I’m not feeling so fine today. The problem is that I can’t actually tell what’s wrong, ’cause I don’t know that. Sometimes I’m afraid I’ve been left with a huge black hole in my life since my panic attacks are gone, and I still don’t know exactly what to do with it. The plan was to fill that hole with my new real self, but I’m starting to think that my new real self is too small and the hole is too big. If this is the case… I need a plan B.
Today I spent the whole morning in bed. I need it, after the long trip from Brazil, but I still hadn’t had the time to do it. Honestly, I’d gladly slip back into my warm bed and sleep, ’cause trying to understand what’s wrong with me is making me very tired, but at the some time I can’t help it – as long as I’m awake.
I’m afraid I can’t spend so much time in this house without feeling like a zero.
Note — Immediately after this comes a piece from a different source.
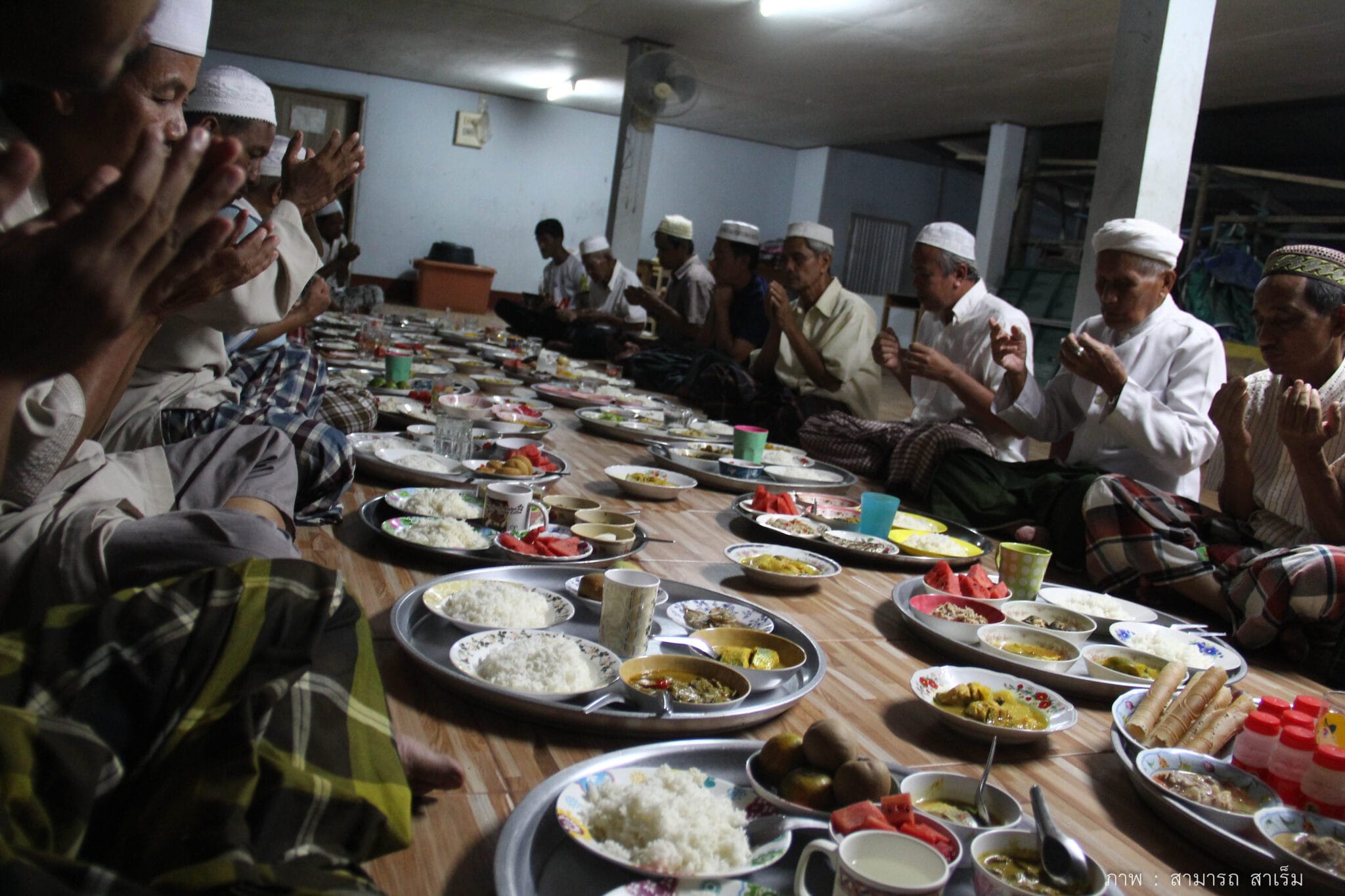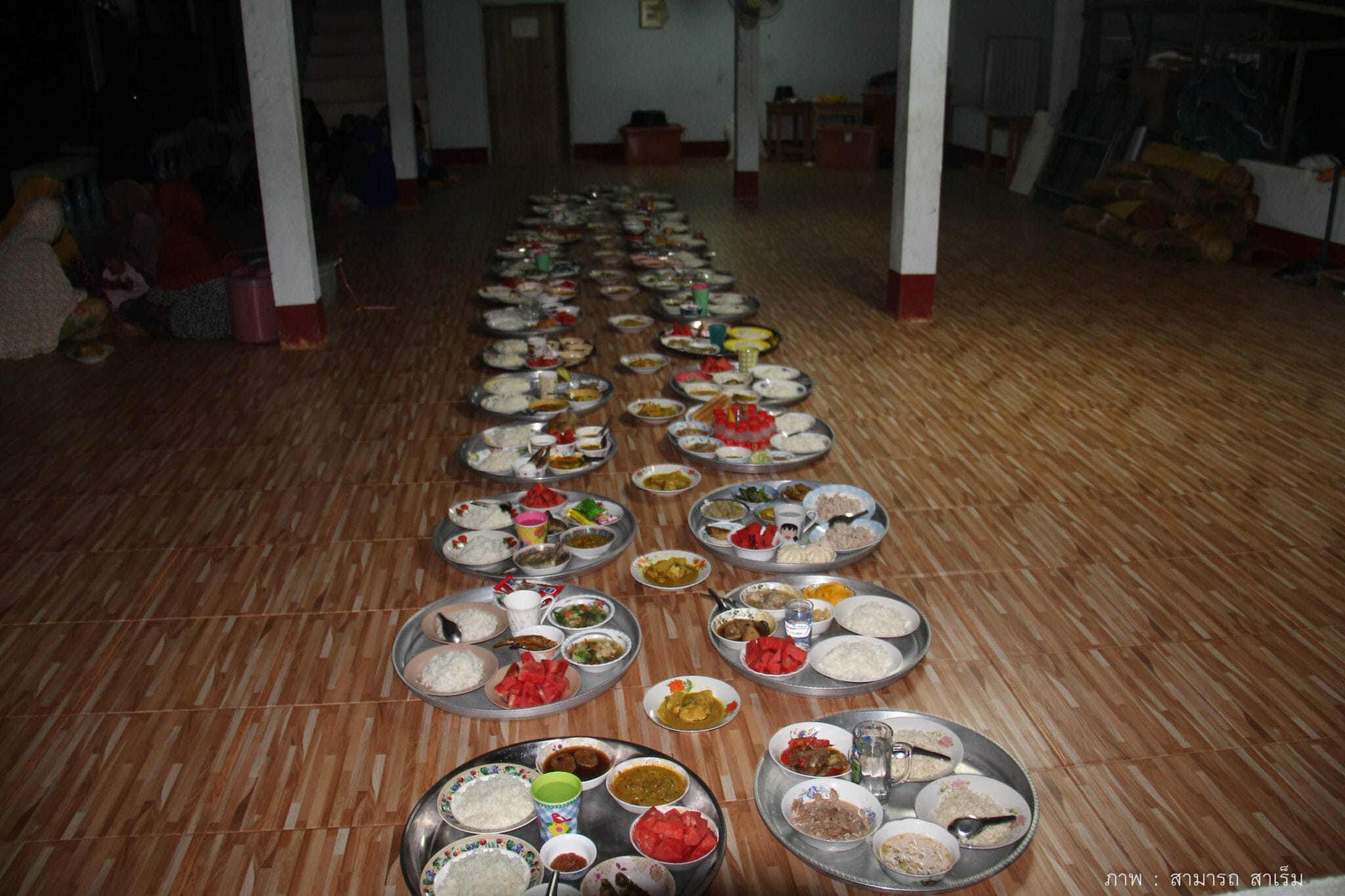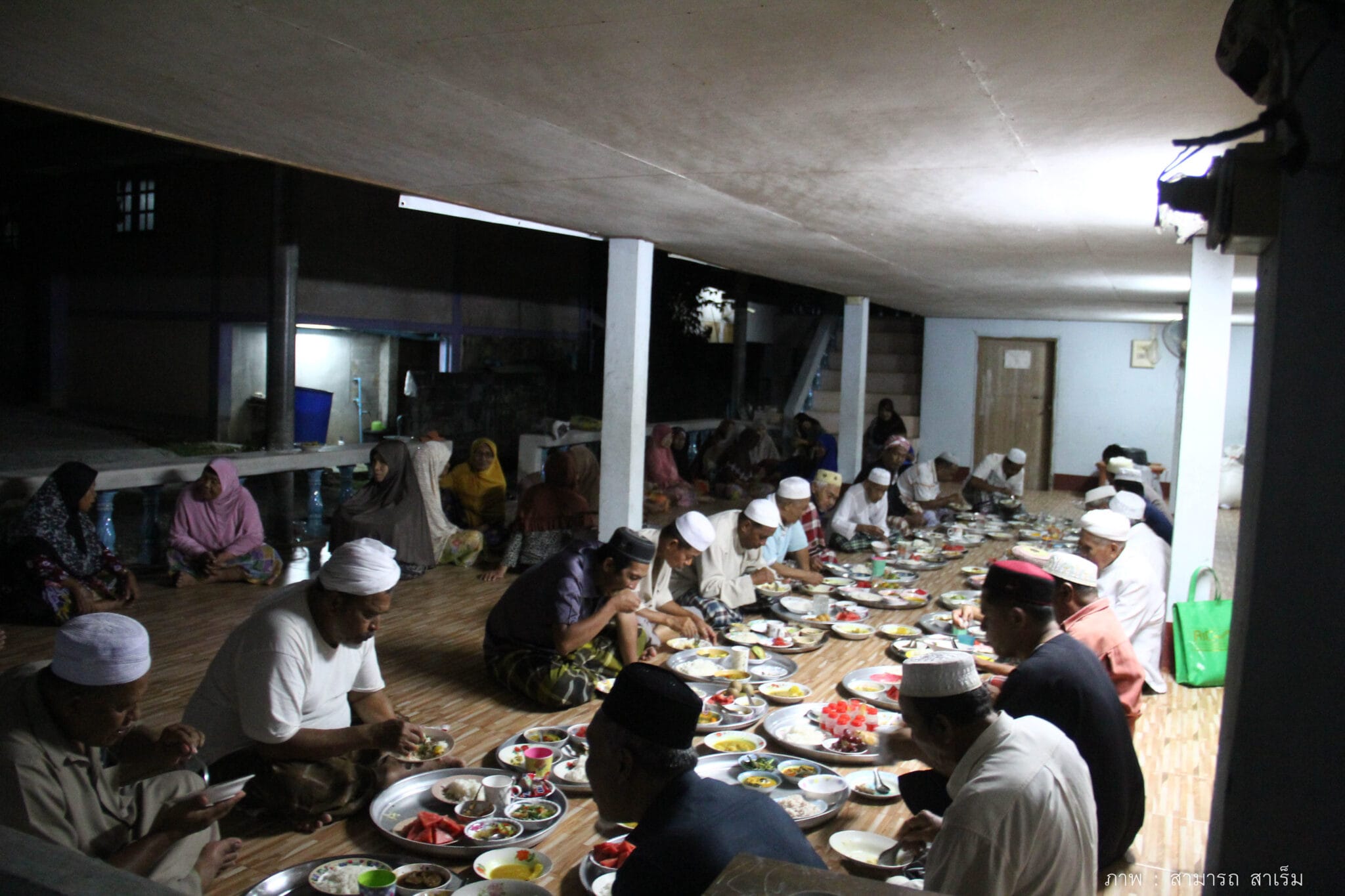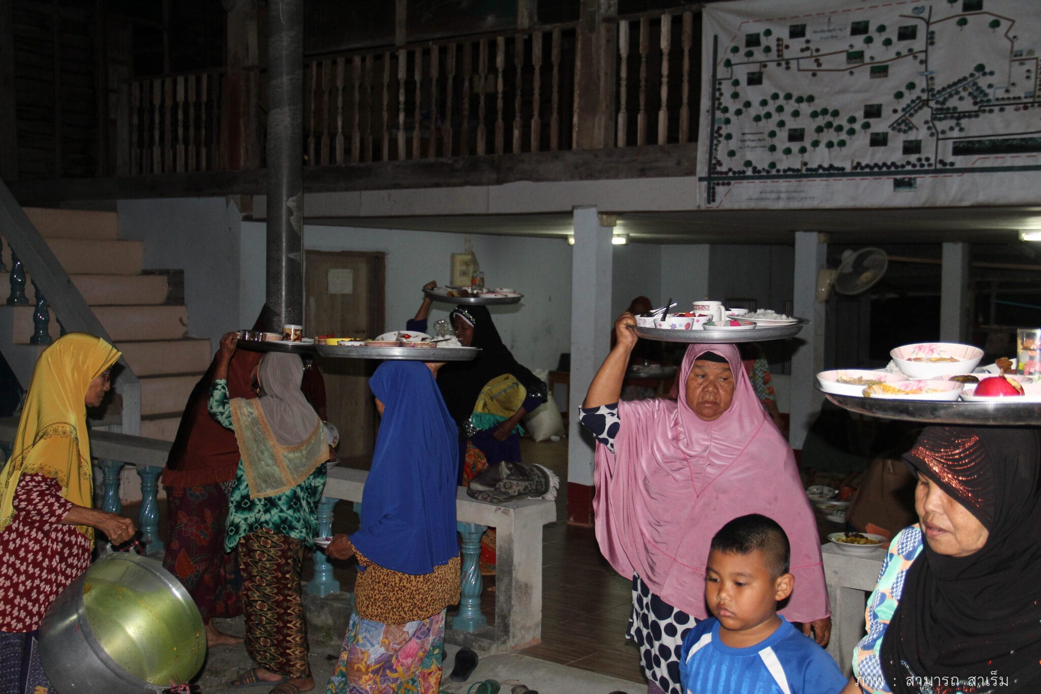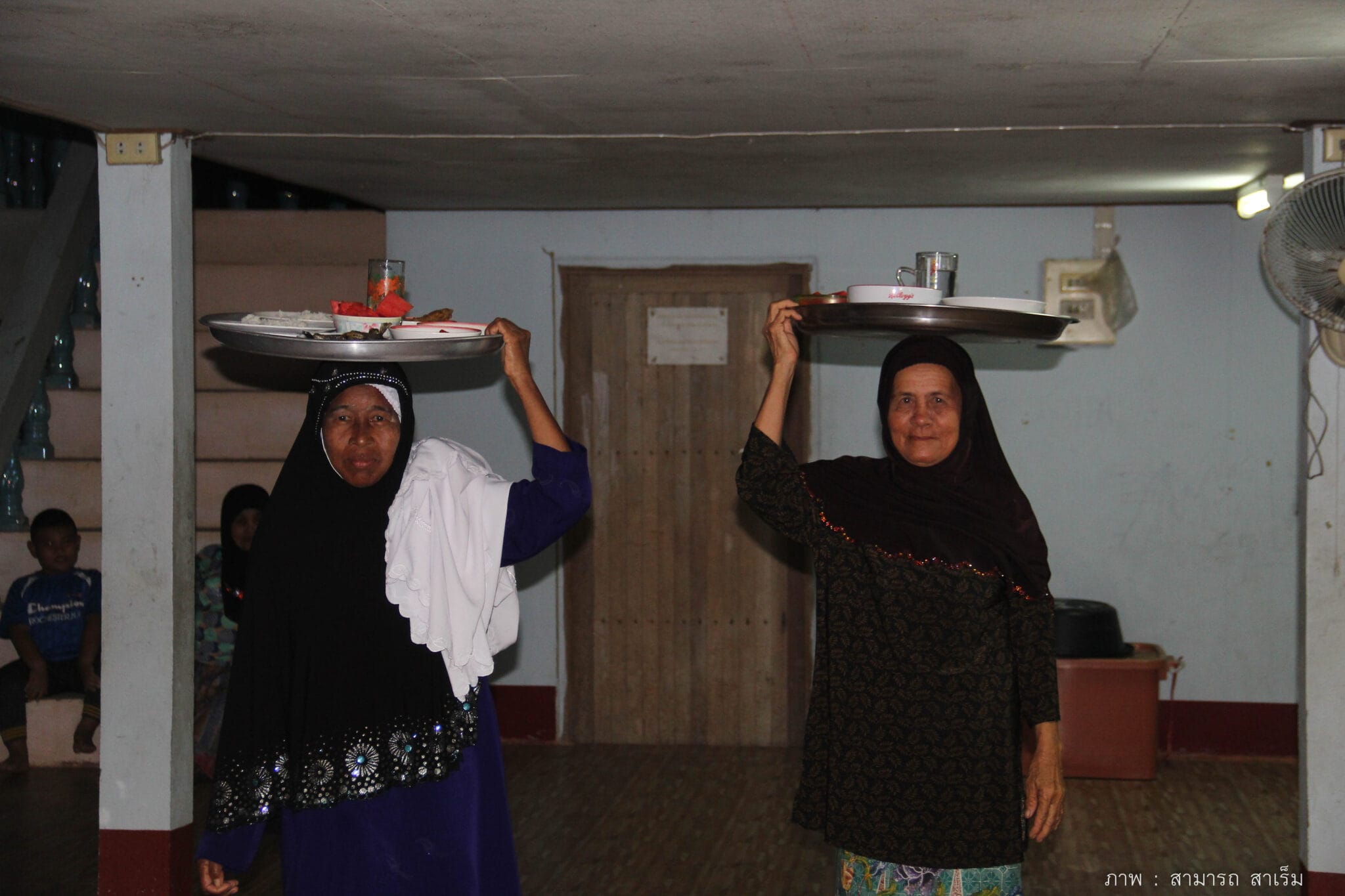 เมื่อใกล้ถึงเวลาละหมาดกลางคืน (วักตูอีฉา) เวลาประมาณ ๑๙.๓๐ นาฬิกา ชาวบ้านผู้หญิงส่วนใหญ่คือผู้สูงอายุจะทูนสำรับอาหารที่จัดใส่ถาดมาที่มัสยิด ส่วนกลุ่มบ้านย่อยที่อยู่ใกล้บาลายจะทูนไปที่บาลาย ผู้เขียนได้ร่วมพิธีที่มัสยิดแต่ระหว่างทางเดินไปมัสยิดได้ผ่านทางบาลาย จึงมีโอกาสเจอกับพี่สาววัยกลางคนใบหน้ายิ้มแย้มบนศรีษะกำลังทูนถาดสำรับอาหารมาที่บาลาย จึงได้หยุดพูดคุยและขอบันทึกภาพไว้ แล้วเดินต่อมาที่มัสยิดพบว่าชาวบ้านนำถาดสำรับอาหารมาตั้งไว้ที่ใต้ถุนของสุเหร่าจัดวางไว้อย่างเป็นระเบียบเพื่อรอเวลาทำพิธีแล้วเช่นเดียวกัน โดยจะทำหลังจากละหมาดอีฉาเสร็จ

Being myself is so hard here, ’cause I know somebody doesn’t like it. So I start hiding myself behind a mask that pleases more who is around me. No, it’s not “who is around me”, it’s just one person. But too powerful a person.
My sister actually told me I have to learn not to care, not to feel so wrong, ’cause she actually likes me better now that I’m myself. So why do I keep on focusing on the worst part of this, on who doesn’t like me? I want to close my eyes and open them again in my boyfriend’s hug, on his bed. My happy place. I already need a break from this.